He had no idea how to get into the radio game, as he thought of it, and the plan faded as he grew into work on the home ranch. For fun he rode broncs, the source of his present miseries. He still kept the radio in his truck on constantly, had a radio in every room of the house despite the region’s bad reception. Mostly he listened to the stations that featured songs about lost love and drinking, used car sales ads, church doings and auctions, stations that were pale imitations of the old border blasters of his youth. When NPR came to Wyoming in the 1960s, he judged it dull and hoity-toity. For him television was never as good as radio. He found that screen images were inferior to those in his mind.

 

Growing up, Wyatt Match had been given every advantage. He had good horses from the time he could walk, trips abroad, hand-tooled boots. He went to an eastern prep school and then the University of Pennsylvania. After graduation he came back to Wyoming with one or two ideas about agricultural progress and tried too soon to get into the legislature when the times favored conservative, frugal ranchers as political leaders, not spendthrift rich men, a label his father’s private golf course had burned into an envious population. Over the years he had become a sharp-horned archconservative with a hard little mind like a diamond chip. After his youthful start flirting with useless ideas sown by the eastern professors, he had dedicated himself to maintaining the romantic heritage of the nineteenth-century ranch, Wyoming’s golden time. Descended from Irish stock, he had a milky skin that flamed with sunburn, and his ginger hair had turned a saintly white. His pride was a blue neon sign—
MATCH RANCH
—near his monstrous post-and-lintel gate large enough to be the torii of a Shinto shrine. After years of trying he had finally made it into the state legislature. Local people were used to seeing his dusty Silverado bulge out onto the road and pass them on the right, throwing up a storm of gravel.

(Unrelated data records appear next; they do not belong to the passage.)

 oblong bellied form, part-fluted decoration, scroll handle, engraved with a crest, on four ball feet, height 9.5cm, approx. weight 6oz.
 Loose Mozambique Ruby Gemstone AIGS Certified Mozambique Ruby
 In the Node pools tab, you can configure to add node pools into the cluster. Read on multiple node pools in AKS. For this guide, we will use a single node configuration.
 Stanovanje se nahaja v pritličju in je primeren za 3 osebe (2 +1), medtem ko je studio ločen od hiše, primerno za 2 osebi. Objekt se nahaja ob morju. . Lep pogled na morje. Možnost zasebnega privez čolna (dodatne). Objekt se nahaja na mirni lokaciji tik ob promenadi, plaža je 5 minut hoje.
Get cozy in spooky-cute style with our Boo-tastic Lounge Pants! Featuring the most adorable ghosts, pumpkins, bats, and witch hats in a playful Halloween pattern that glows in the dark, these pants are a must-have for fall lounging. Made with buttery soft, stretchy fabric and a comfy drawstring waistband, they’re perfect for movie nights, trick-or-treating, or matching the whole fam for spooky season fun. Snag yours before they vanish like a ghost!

There was a tinge of superiority in all that he said, even in meaningless comments about weather. Match seemed to indicate that blizzards, windstorms, icy roads and punishing hail were for other people; he moved in a cloud of different, special weather. In the days when he was trying to push his way into the legislature with his radical ideas, a well-respected older rancher took him aside and told him, stressing his words, that Wyoming was
fine just the way it was
. Gradually he learned the truth of that statement.

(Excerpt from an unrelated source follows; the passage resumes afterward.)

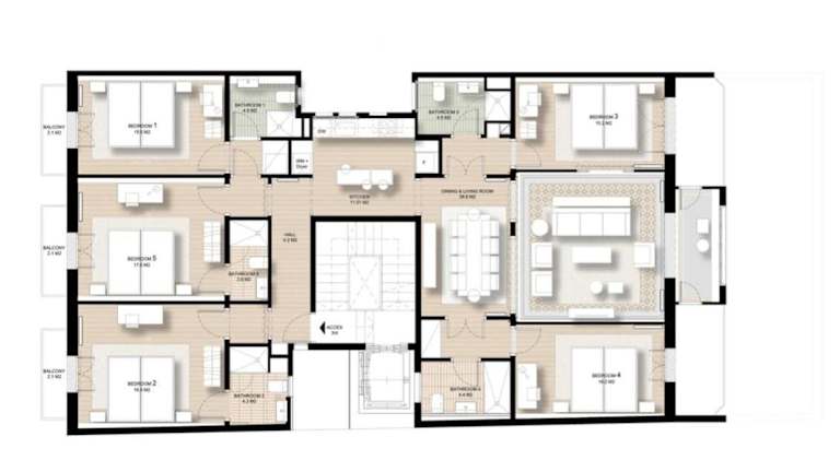 Die Unterkunft umfasst 5 separate Schlafzimmer, ein Wohnzimmer sowie eine voll ausgestattete Küche mit Kühlschrank und Geschirrspüler. Es sind 5 Badezimmer vorhanden. Ausstattung wie Klimaanlage, Handtücher und Bettwäsche werden bereitgestellt. Zudem sind WLAN und eine Veranda/Patiobereiche verfügbar.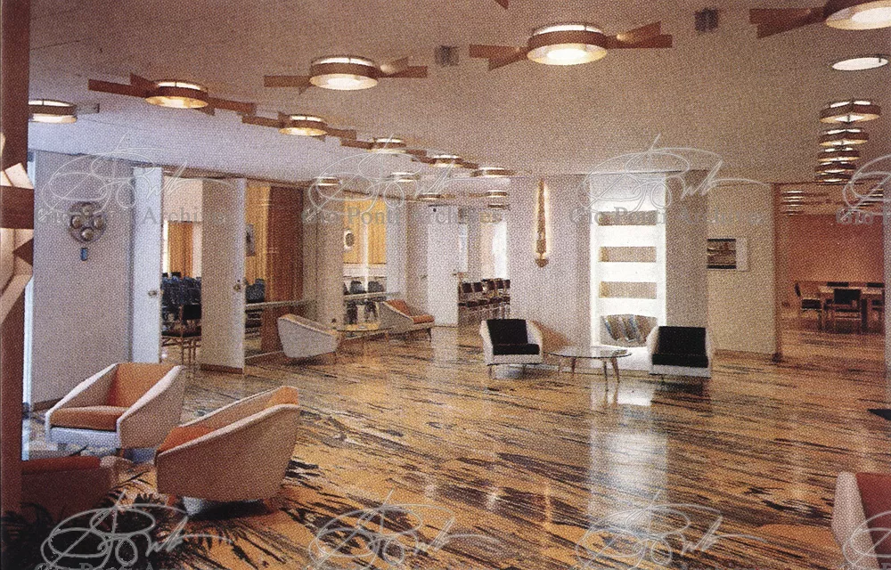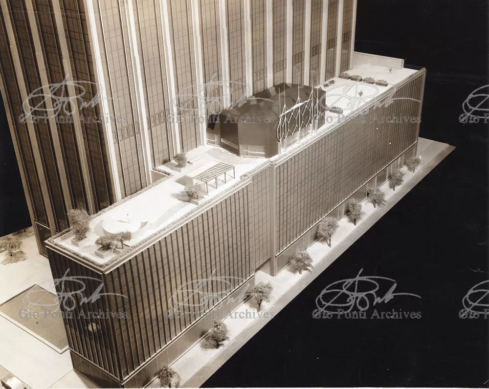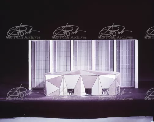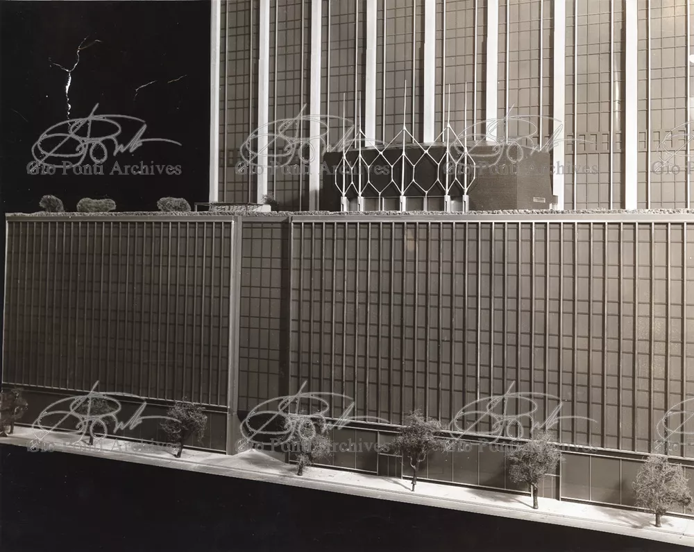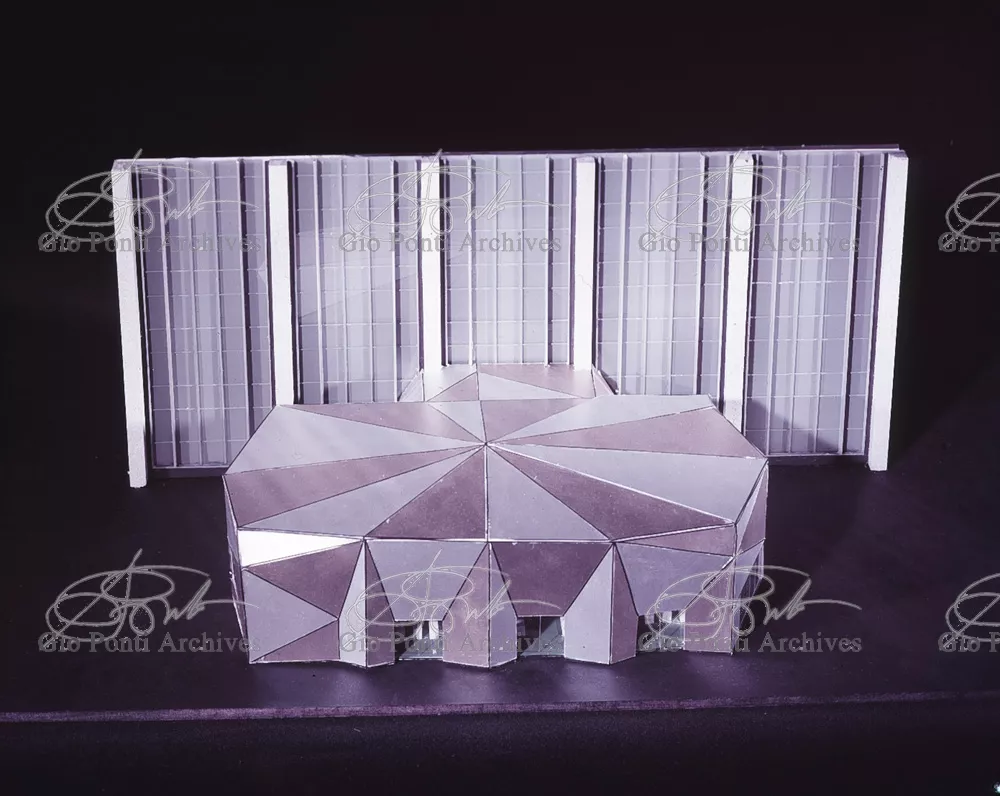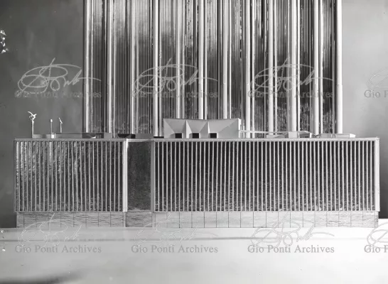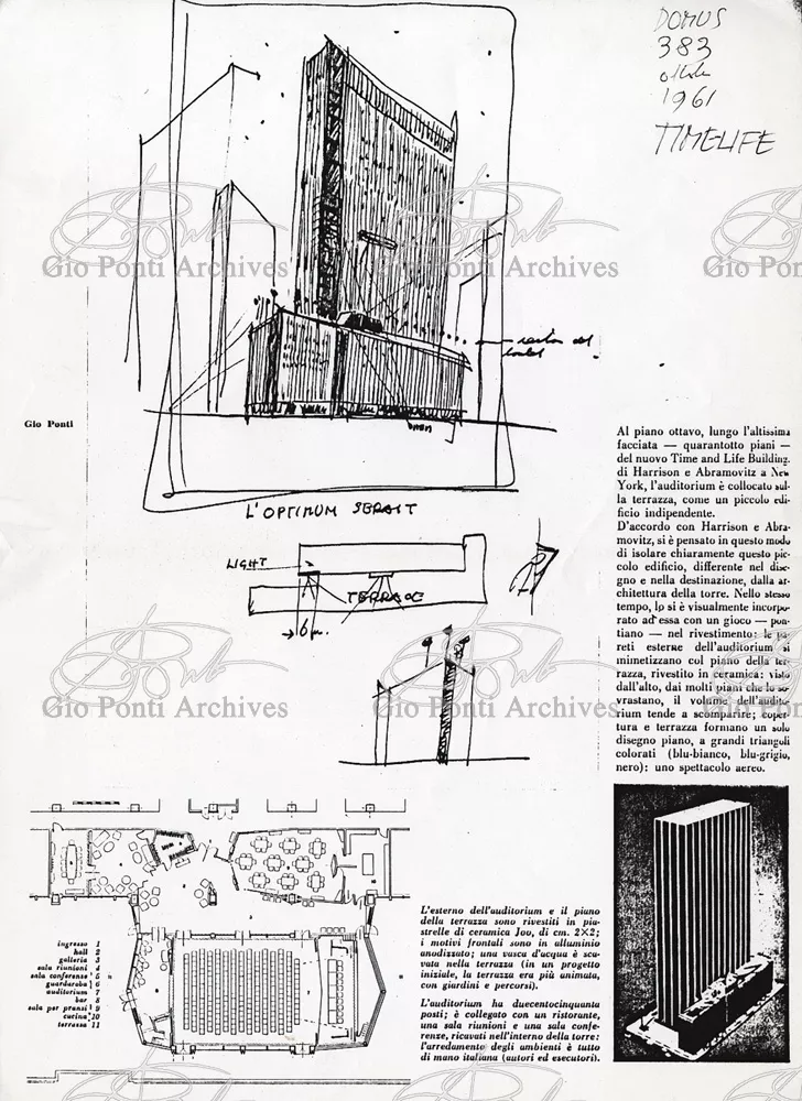 The auditorium is a small independent building, situated on a terrace on the eighth floor of Harrison and Abramowitz's building. It is a diamond-shaped volume. It is not part of the skyscraper's architecture, yet it is incorporated in it through the Pontian pattern of its facing. Seen from above from the upper floors or the sky, the volume, blending in with the pattern of the terrace floor large colored triangles, blue-white, blue-gray, black tended to disappear. Today, as a result of the alterations carried out to the exterior, this effect too has disappeared. Thaks for support: I Volantini

His political value increased after he married Debra Gale Sunchley, a fifth-generation Wyoming ranch woman, a hard worker with a built-in capacity for endurance who dressed in crease-ironed jeans, boots and an old Carhartt jacket. The first Sunchley had come to Wyoming with the 11th Ohio Volunteers to fight Indians after the Civil War. Stationed at Post Greasewood on the North Platte, he deserted, hid out with a Finn coal mining family in Carbon and eventually married one of the daughters, Johanna Haapakoski.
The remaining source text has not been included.